### Entries provided
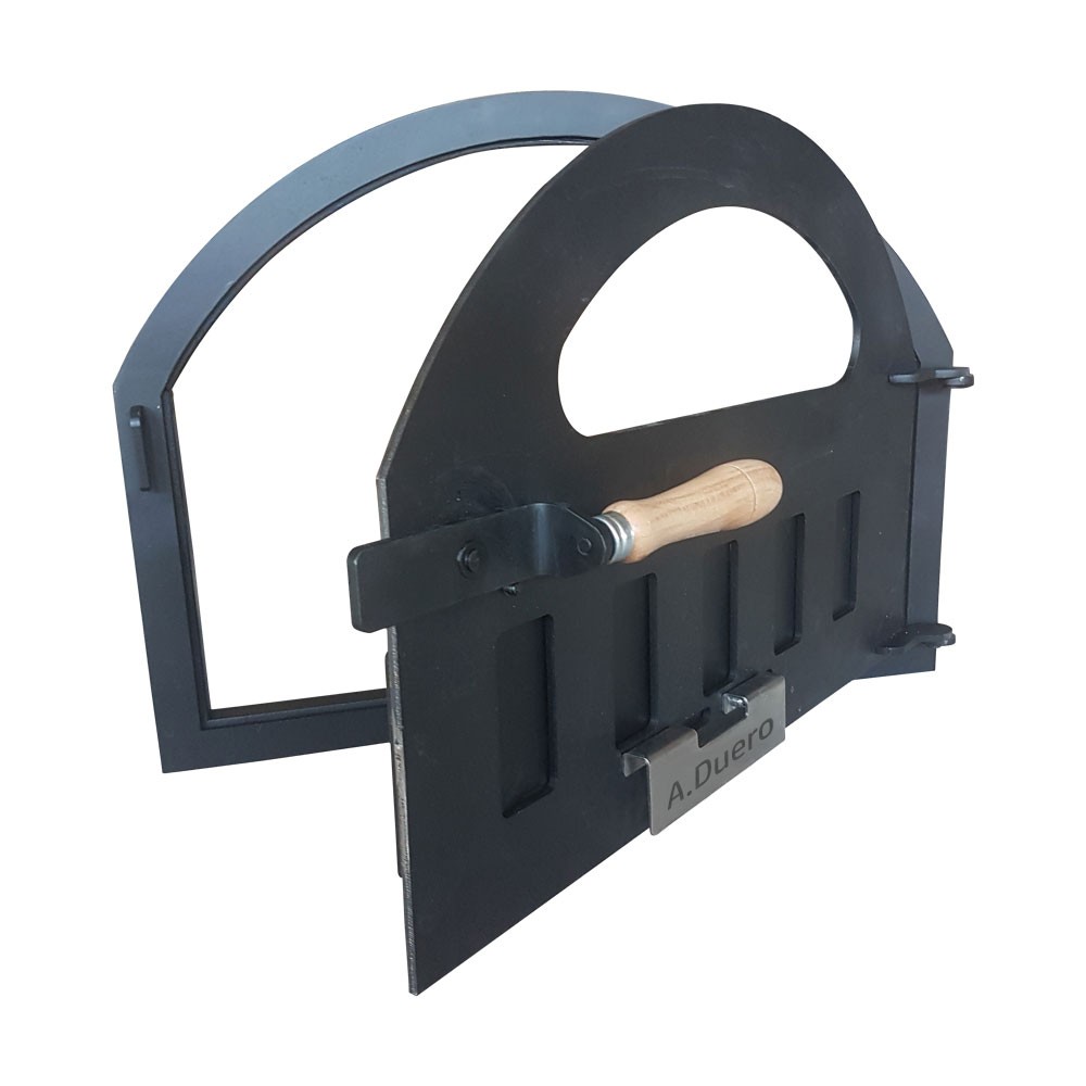 Puerta metálica de Arco de Medio Punto para hornos de leña de cualquier tipo (barro, ladrillo, piedra, hormigón, hierro, etc), también se puede utilizar para hornos morunos con bocas cuadradas, restauraciones de hornos adaptando nuestro diseño al tamaño real.
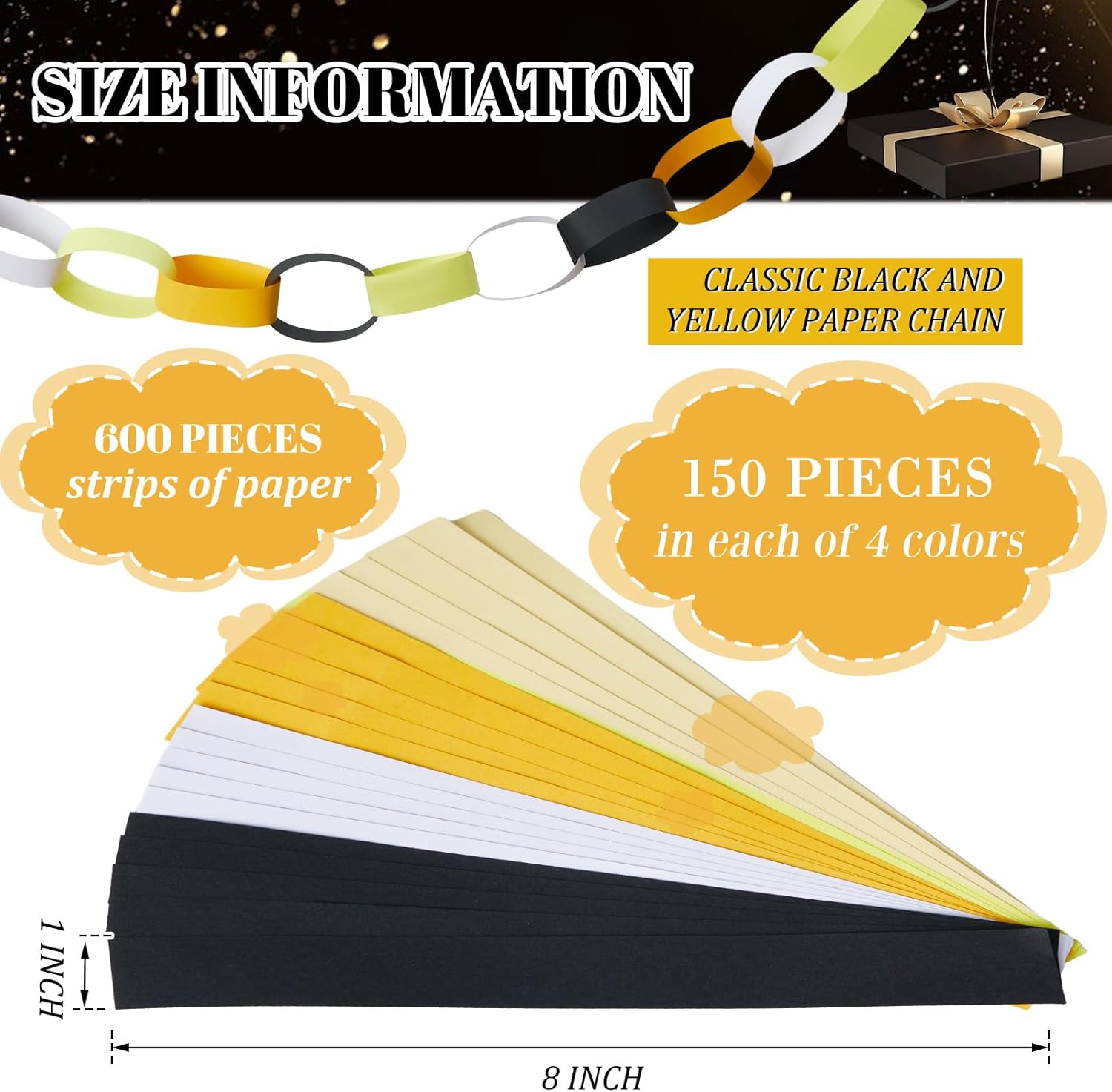 Lincia 600 Sheet Halloween Paper Chain Garland, Construction DIY Crafts Chain Strip for Fall Thanksgiving Party Decor, 1x8 Inch with Double Sided Tape (Black Gold)
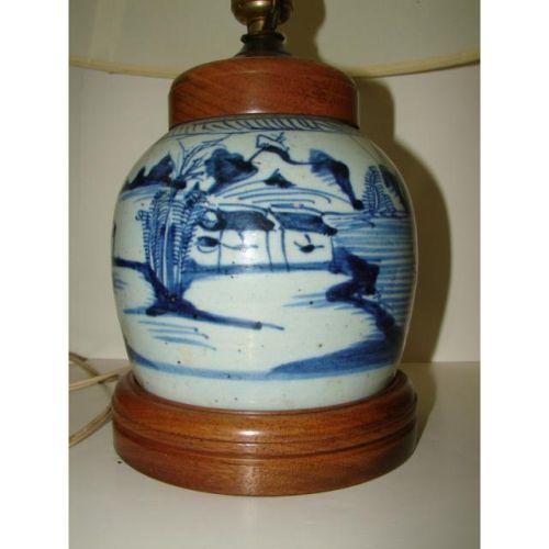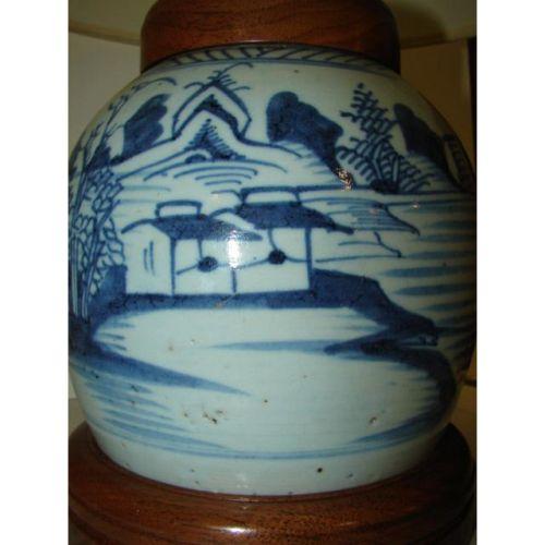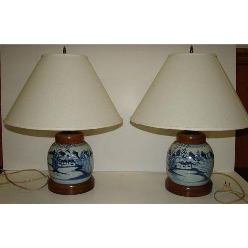 PAIR OF CANTON TABLE LAMPS. Consists of a pair of Canton ovoid jars with blue boat and shoreline decorations that have been converted into lamps. One jar shows severe cracking throughout. Electrified. 19.5” H
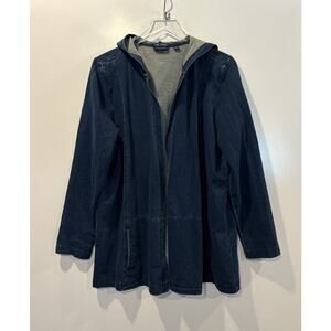 Pure Jill Indigo Blue Soft Denim Open Front Hooded Jacket Womens Large (1882)
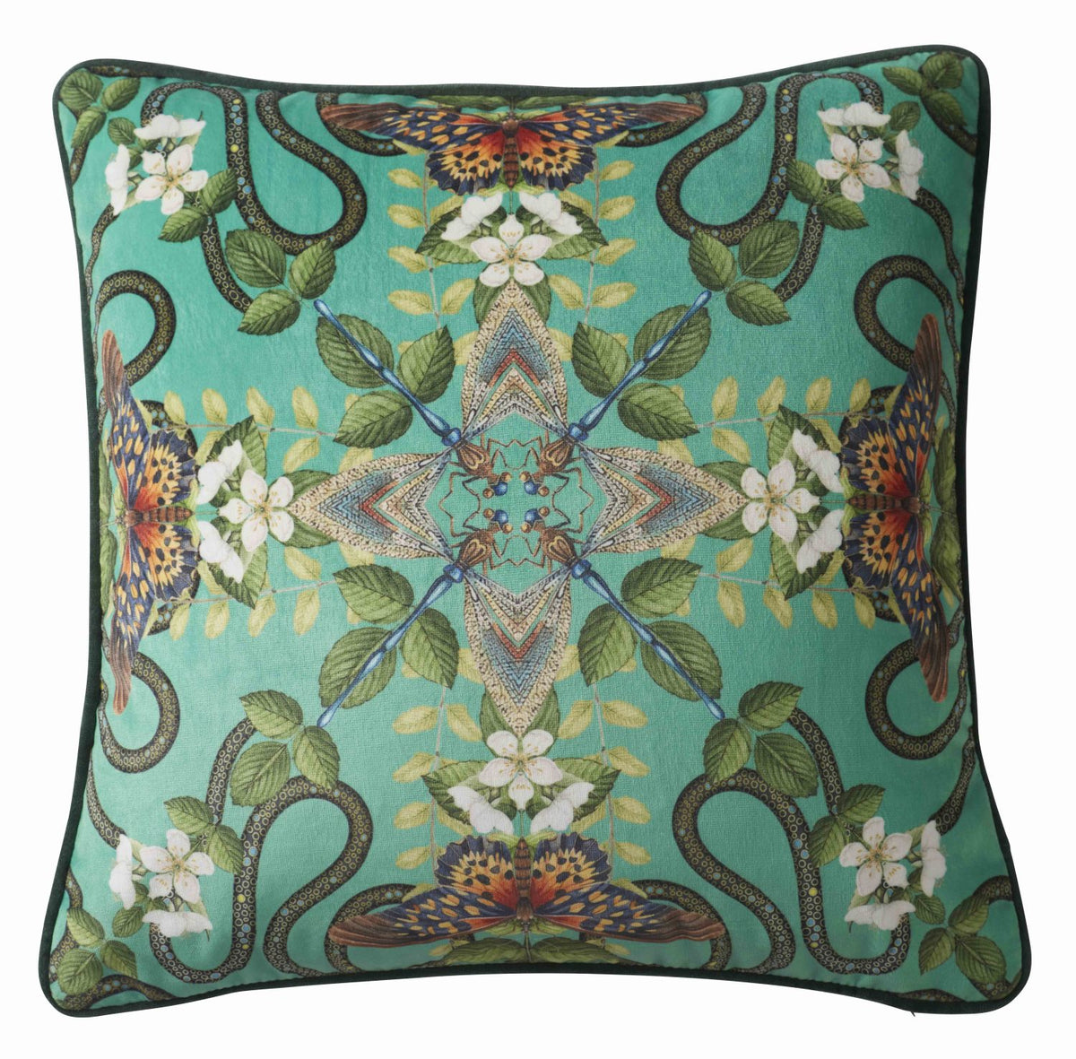 Wedgwood by Clarke & Clarke Emerald Forest Cushion Emerald. Emerald Forest lets you lose yourself amongst the plush foliage of this design. It is adorned with English flora and fauna, it is a square velvet cushion is feather filled and finished with a contrasting piping. Now you can be the master of your own green and pleasant land.
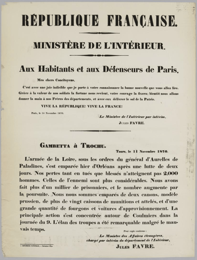 La guerre continue. L’affiche que j’ai utilisée en couverture (et que j’ai trouvée au musée Carnavalet), si elle reproduit une dépêche envoyée par Gambetta de Tours le 11 novembre, n’a été affichée dans Paris que trois jours plus tard, le 14 novembre. Il n’y a guère, dans Paris, que des bruits, à propos d’Orléans, plus des rumeurs de négociations…

### Action item
With the pictures left out, write out exactly the lines above from the one containing "PAIR OF CANTON TABLE" through the one containing "Pure Jill Indigo".

### Task result
 PAIR OF CANTON TABLE LAMPS. Consists of a pair of Canton ovoid jars with blue boat and shoreline decorations that have been converted into lamps. One jar shows severe cracking throughout. Electrified. 19.5” H
 Pure Jill Indigo Blue Soft Denim Open Front Hooded Jacket Womens Large (1882)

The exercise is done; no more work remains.